A hearing including the Dewey County Excise Board, County Clerk, County Assessor, and District No. 1 County Commissioner Dillon Berry took arguments from Taloga Wind attorneys regarding their assertion that their property value was assessed too highly.
Taloga Wind is owned by parent company NRG Energy who also owns Buffalo Bear, LLC, a wind farm in Harper County.
Berry said in an interview with the Woodward News that the initial assessment for their property was valued at around $187 million which the company is required to pay taxes on to the county. Following an informal protest a second assessment was completed and the value was lowered by $10 million, making their final assessed value about $177 million.
Now the company is asking for the value to be lowered to around $60 million.
Commissioner Berry is skeptical about the change.
“I just have a hard time believing they were depreciating at four or five percent and now it’s suddenly 60 to 70 percent now that the state has stopped paying those taxes,” Berry said. “And the Excise Board agreed.”
According to laws put in place several years ago, alternative energy companies have several tax breaks offered to them through the state of Oklahoma. One of those is a five year moratorium on paying any ad valorem tax to counties where their property has been constructed. On average, the state compiles about $39 million per year of general funding to pay those property taxes for the wind companies so that counties can continue to function.

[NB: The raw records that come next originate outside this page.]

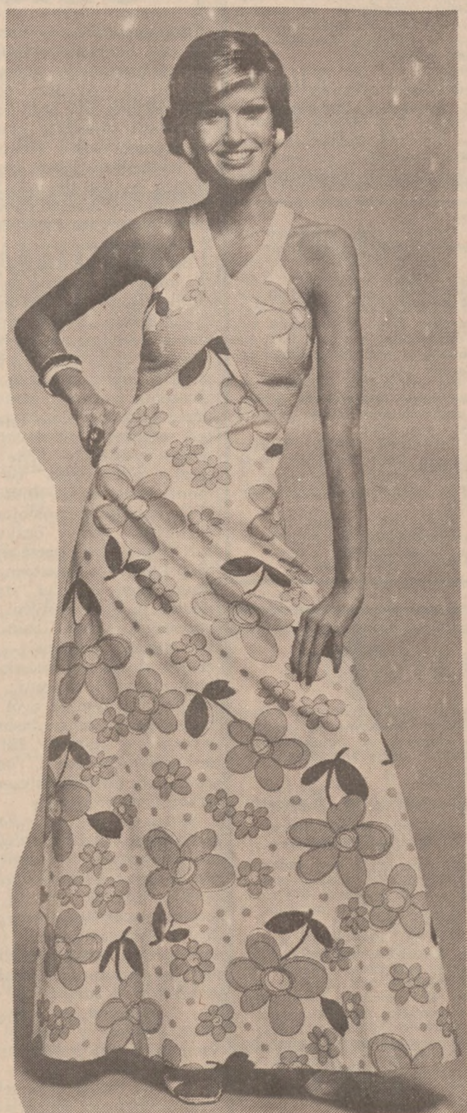
Letnia suknia z wzorzystej bawełny odpowiednia na zabawy i przyjęcia.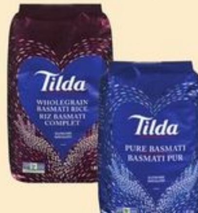
RIZ BASMATI TILDA CERTAINES VARIÉTÉS 4 LB TILDA BASMATI RICE 20013920_EA 20436365_EA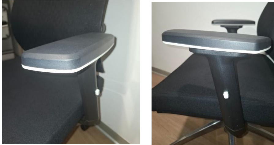
Foto de apoyabrazos de sillas existentes a reemplazar

“Decenio de la Igualdad de oportunidades para mujeres y hombres” “Año de la recuperación y consolidación de la economía peruana”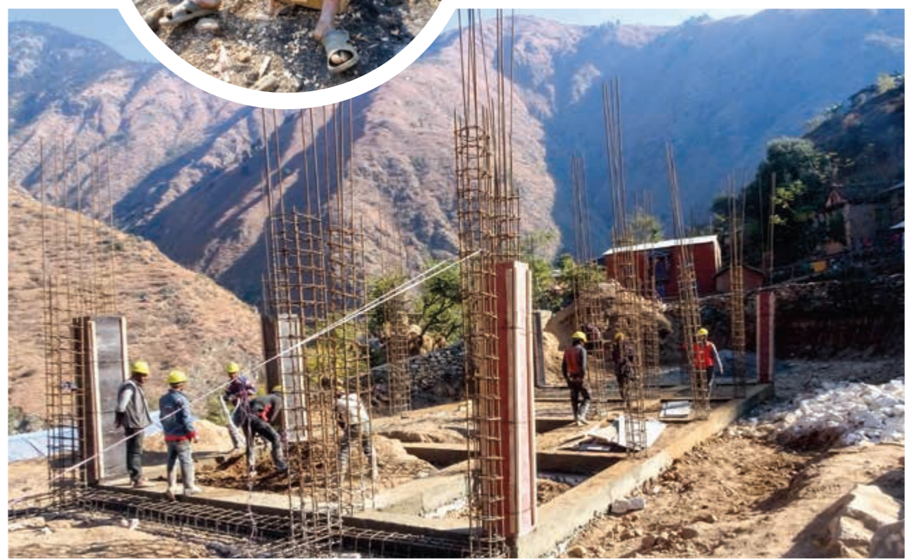
Für die große Schule mit acht Räumen haben wir uns zu einer modernen Stahlbetonbauweise mit Steinmauerwerk entschieden.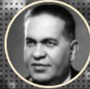
LÜTFİ KIRDAR 1949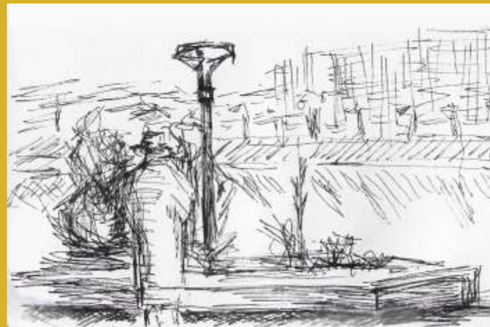
Lucija Tolić, Promenada , 2021.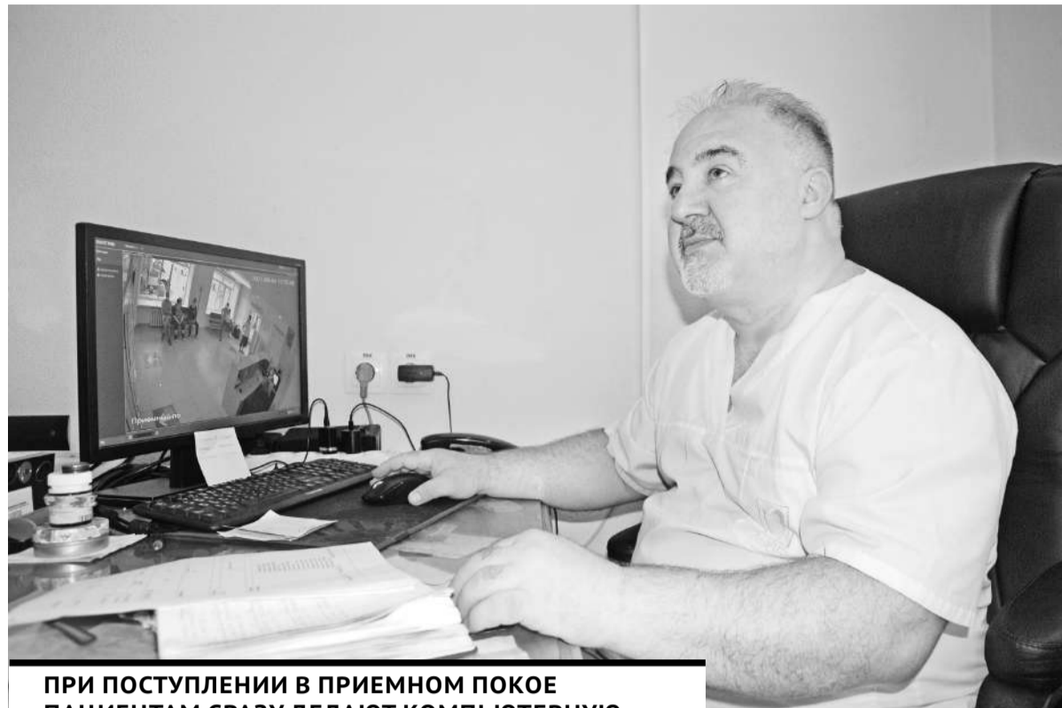
ПРИ ПОСТУПЛЕНИИ В ПРИЕМНОМ ПОКОЕ ПАЦИЕНТАМ СРАЗУ ДЕЛАЮТ КОМПЬЮТЕРНУЮ ТОМОГРАФИЮ, ПОСЛЕ ЧЕГО ПО ЕЕ РЕЗУЛЬТАТАМ ПРОВОДЯТ СОРТИРОВКУ: ТЯЖЕЛЫХ ОСТАВЛЯЮТ ЗДЕСЬ, А ТЕХ, У КОГО ПОРАЖЕНИЕ ЛЕГКИХ МЕНЕЕ 20%, ОТПРАВЛЯЮТ В ДРУГИЕ КЛИНИКИ.

Я обращаюсь ко всем землякам: пожалуйста, вакцинируйтесь! Те, кто сделал прививку, переносят болезнь намного легче. Моя дочь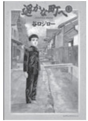
◎ 谷口ジロー『選かな町へ』小学館

「スポ・レク鳥取2006」 倉吉市は年齢別バドミントンと壮年ポウリング 今年10月21日から24日までの4日間、鳥取県でスポーツ・レクリエーション祭(以下「スポレク祭」と呼びます)が開催されます。 スポレク祭は、国内外から集う参加者と県民の交流で、鳥取県の魅力にあふれ、感動をわかちあえる祭典で、いつでも、どこでも、だれでも、いつまでも気軽に楽しめるスポーツ・レクリエーションの輪を広げ、地域に根ざした生涯スポーツの振興を図ることを目的とした大会です。 県内13市町村で計25種目の大会が行われます。 倉吉市は、倉吉体育文化会館で年齢別(30歳以上)バドミントン、倉吉プラザポウルで壮年(50歳以上)ポウリング大会が開催されます。 また、21日は、倉吉未来中心で開会式が開催されます。(鳥取市、米子市、倉吉市の県下3地区で同時開催)

Now a trend has been appearing in other counties as well, which points to companies protesting their valuations when the tax burden reverts to them after their five years is up.
The Excise Board ruled against Taloga Wind and upheld the second assessment.
Berry is pleased with the board’s decision which could have had a negative impact on the economy for the small, rural area, especially schools.
Berry said it is disingenuous for Taloga Wind to protest their property assessment when they did not protest it when the Oklahoma tax payer was paying their tax bill.
“I am thrilled that the excise board chose to uphold what I think is the correct assessment of the wind farm,” Berry said. “This is something we will watch closely. It was a gimmick on their part, trying to pull a stunt to save some money. Our assessor had a fair and honest assessment.”